Mercury Interactive adds statistical-analysis engine with built-in rules to Topaz software
Knowing that a Web site is in trouble is one thing--most network-and systems-management tools will do triggering alerts when a server is crashing or there's a network glitch. Pinpointing the cause is another matter.

But help may be on the way. Mercury Interactive Corp. has added a module to Topaz, its Web-performance monitoring software, designed to let administrators zero in on the most likely causes for problems.

The Auto RCA (root-cause analysis) module is a statistical-analysis engine with built-in rules used to measure system and Web performance. Performance data is compared with the rules; the results can help an administrator pinpoint where trouble originated.

Determining a trouble spot saves IT managers a lot of time, says Jasmine Noel, an analyst at Hurwitz Group. "When customers first see the app tanking, that's when they need RCA," she says. "Without RCA, it's hard to find the piece among the app code, database, server, network, firewall, and all the other features. Topaz with RCA could easily turn a half-hour job into five minutes." Mercury Interactive isn't the first to offer root-cause analysis in its Web-performance tool, Noel says, but most tools require administrators to write the rules themselves.

The Auto RCA module creates a baseline and collects performance data from all aspects of a company's Internet infrastructure. The statistical engine applies those baselines to any system abnormalities Topaz picks up. The comparison pinpoints the most likely source of a problem and filters out the vast amounts of irrelevant data. Auto RCA is available now for $15,000.
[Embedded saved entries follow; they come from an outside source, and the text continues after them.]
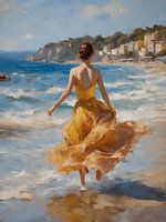 Ervaar de magie van het moment met mijn nieuwste impressionistische kunstwerk. Een vrouw rent op het strand, gehuld in een bewegende chiffon jurk die meedeint op de wind. Het sublieme spel van licht en schaduw vangt de romantische kleuren van de ondergaande zon, waardoor dit schilderij een tijdloze uitdrukking wordt van serene…
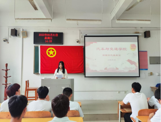 活动开始前,志愿者们与员工会的同学一起调试设备,组织同学们就坐。入团仪式中,毛晓羽老师首先介绍公司本年度新团员发展情况。接着,员工干部代表张诗颖带领同学们一起高唱共青团团歌,举起右手,进行入团宣誓。随后,新团员代表车身221班郭仪瑞和老团员代表车辆221班巴志奥进行发言。最后团总支毛晓羽老师为新团员们佩戴团徽,勉励同学们要做优秀的共青团员,并向新团员提出三点要求:一是做理想远大,道德高尚的拼搏者;二是做正直守纪、文明传承的促进者;三是坚持发奋学习,员工发展的模范者。
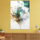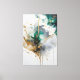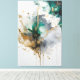 Esta obra abstrata combina pinceladas fluidas de tinta em tons de verde esmeralda, branco e cinza com elegantes pinceladas metálicas douradas. A textura orgânica se entrelaça com respingos de ouro e formas etéreas, criando um contraste entre leveza e intensidade. A composição evoca elementos naturais como mármore, nuvens ou nebulosas cósmicas, mantendo um visual sofisticado e contemporâneo. A aplicação de ouro adiciona um toque de luxo sutil, tornando-a ideal para ambientes modernos e elegantes.
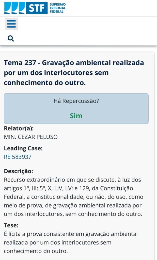 O Supremo Tribunal Federal (STF) já consolidou o entendimento de que é lícita a prova obtida por meio de gravação ambiental realizada por um dos
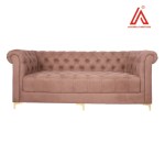 Introduce timeless elegance and luxurious comfort to your living space with this 3-Seater Chesterfield Sofa, beautifully upholstered in a soft light brownish-pink velvet fabric. Featuring traditional rolled arms, deep diamond tufting, and a compact yet classy silhouette, this sofa serves as a stunning statement piece for any living room, parlor, or boutique interior.

PHH Arval, the vehicle-leasing and fleet-management subsidiary of holding company Cendant Corp., installed Mercury Interactive's Auto RCA last week. "Ultimately, we expect it will help make sure the site isn't down, our clients are more satisfied, and increase our revenue," says Tim Talbot, senior VP of IT at the Hunt Valley, Md., company. Fine-tuning the Web site's performance is key, Talbot says, because 30% to 40% of PHH Arval's $2 billion annual revenue comes from the company's growing Internet business.